All diese Punkte machen deutlich: Italiens Lage wäre auch ohne Finanzkrise schwierig genug. Vorsichtig gesagt: Es ist Einiges an Arbeit liegengeblieben. Doch darum müssen sich jetzt der brave Professor Monti und seine Experten kümmern. Und steht spätestens 2013 die nächste Wahl an, gibt es eine weitere Hinterlassenschaft Berlusconis: Das als „Schweinerei[5] bekannt gewordene Wahlgesetz aus dem Jahr 2005 schustert automatisch der Liste mit den meisten Stimmen eine absolute Mehrheit in der Abgeordnetenkammer zu. Große Wahlbündnisse, wie das Berlusconis, werden so bevorteilt. Auf diese Weise erreichte Berlusconi 2008 die größte Mehrheit, die eine Koalition in Italien je hatte. Das wird er bei den nächsten Wahlen kaum schaffen. Aber gewinnen könnte seine Koalition erneut. Zwar sind die Umfragewerte derzeit schlecht, doch wenn es eine Taktik hinter seinem Rückzug vom Amt des Ministerpräsidenten gegeben hat, dann die: in Ruhe den nächsten Wahlkampf vorbereiten und die eigenen Fehler im Laufe der Zeit vergessen machen. Die Mitte-Links-Opposition ist noch in der Findungsphase. Berlusconi aber steckt tief drin: in den Italienern und in ihrem politischen System.
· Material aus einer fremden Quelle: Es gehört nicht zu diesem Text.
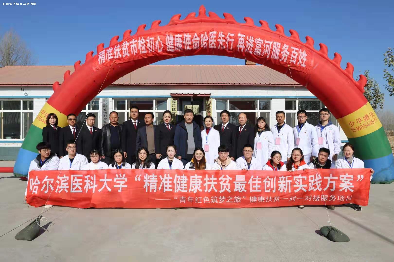 由黑龙江省预防医学会专业委员会主任委员、beat365在线唯一官网王丽敏教授联合黑龙江省卫生健康宣教中心,率领具有红色基因的beat365在线唯一官网“青年红色筑梦之旅”学生(本科、硕士、博士)、附属四院内分泌一科李明副主任医师组成的团队,应绥化市兰西县临江镇卫生院、市人民检察院驻兰西县临江镇富河村驻村工作队的再次邀请,走进革命老区、国家级建档立卡贫困村——富河村,开启了第三期“精准健康促进对接扶贫服务”全方位系列活动,为当地贫困农民送去个体化、定制化、造血式的健康保健指导,普及大病防治知识。
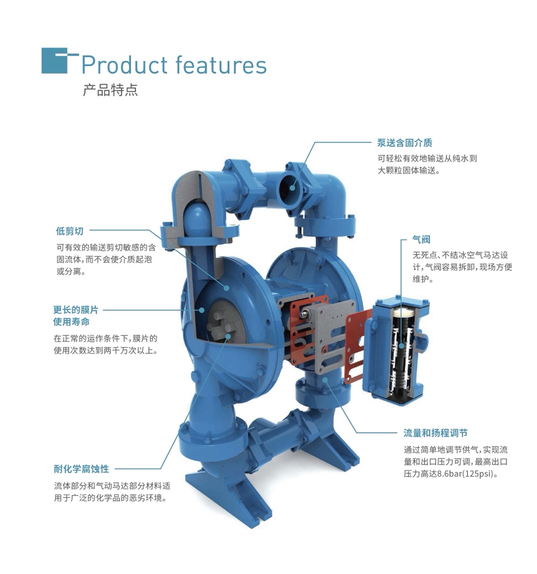 耐化學(xué)腐蝕性:流體部分和氣動馬達部分材料適用于廣泛的化學(xué)品的惡劣環(huán)境。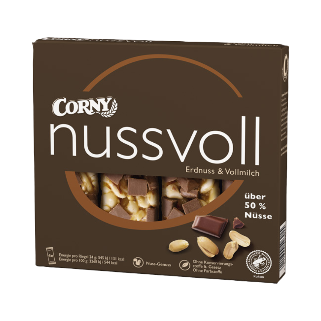 Corny nussvoll Erdnuss & Vollmilchschokolade Müsliriegel UTZ, 4 Stück, 96g Der volle Nuss-Genuss in der klassischen Variante mit knackigen Erdnüssen und Vollmilchschokolade. Erdnuss-Vollmilchschokoladen-Riegel Netto Füllmenge Bruttogewicht 120.00 Gramm,Nettogehalt 96.00 Gramm Allergene Kann Spuren enthalten von Nüsse und Nusserzeugnisse. Kann Mandeln, Haselnüsse, Walnüsse, Cashewnüsse etc. einschliessen,Enthält – Ist im Produkt enthalten Milch und Milcherzeugnisse,Glutenhaltiges Getreide sowie daraus hergestellte Erzeugnisse,Erdnüsse und -erzeugnisse Aufbewahrung Vor Wärme schützen. Kühl und trocken lagern. Zutaten Zutaten: Geröstete ERDNÜSSE 59%, Glukosesirup, Glukose-Fruktose-Sirup, VOLLMILCHSCHOKOLADENSTÜCKE 10% (Zucker, Kakaomasse, VOLLMILCHPULVER, Kakaobutter, Emulgator Lecithine), VOLLKORNWEIZEN-Crispies (WEIZENVOLLKORNMEHL, WEIZENGLUTEN, GERSTENMALZEXTRAKT), Kokosfett, Karamellzuckersirup, Stabilisator Glycerin, Emulgator Lecithine, Salz. Nährwerte pro 100g Unzubereitet 1 Portion, Energie 131,00 kcal, Energie 545,00 kJ, Fett 8,20 g, davon gesättigte Fettsäuren 2,20 g, Kohlenhydrate 9,50 g, davon Zucker 4,90 g, Ballaststoffe 1,40 g, Eiweiß 4,10 g, Salz 0,05 g , Unzubereitet 100 Gramm, Energie 2.268,00 kJ, Energie 544,00 kcal, Fett 34,20 g, davon gesättigte Fettsäuren 9,00 g, Kohlenhydrate 39,40 g, davon Zucker 20,60 g, Ballaststoffe 5,90 g, Eiweiß 17,20 g, Salz 0,22 g Ursprungsland DEUTSCHLAND, BUNDESREPUBLIK Marke CORNY Hersteller Name: Schwartauer Werke GmbH & Co. KGaA,Adresse: 23608 Bad Schwartau

Bastian Brandau ist studentische Hilfskraft am Göttinger Institut für Demokratieforschung.


[1] Der Begriff „Berlusconismus“ ist sogar in der deutschsprachigen Wikipedia aufgeführt.

[2] In der Abgeordnetenkammer sitzen derzeit 135 Frauen und 495 Männer.

[3] Der Begriff Kaste wurde 2007 von Gian Antonio Stella und Sergio Rizzo geprägt. In ihrem Buch „La casta. Cosí i politici italiani sono diventati intoccabili“ beschreiben sie die Privilegien und Verschwendungssucht italienischer Politiker.

[4] Zitat vom Facebook-Auftritt Berlusconis, als der am 7. November 2011 Gerüchte über seinen Rücktritt noch als „jeglicher Grundlage entbehrend“ bezeichnete.

[5] So bezeichnete Roberto Calderoli, Abgeordneter der Lega Nord und Minister unter Berlusconi, 2006 den Gesetzesentwurf in der Fernsehsendung Matrix.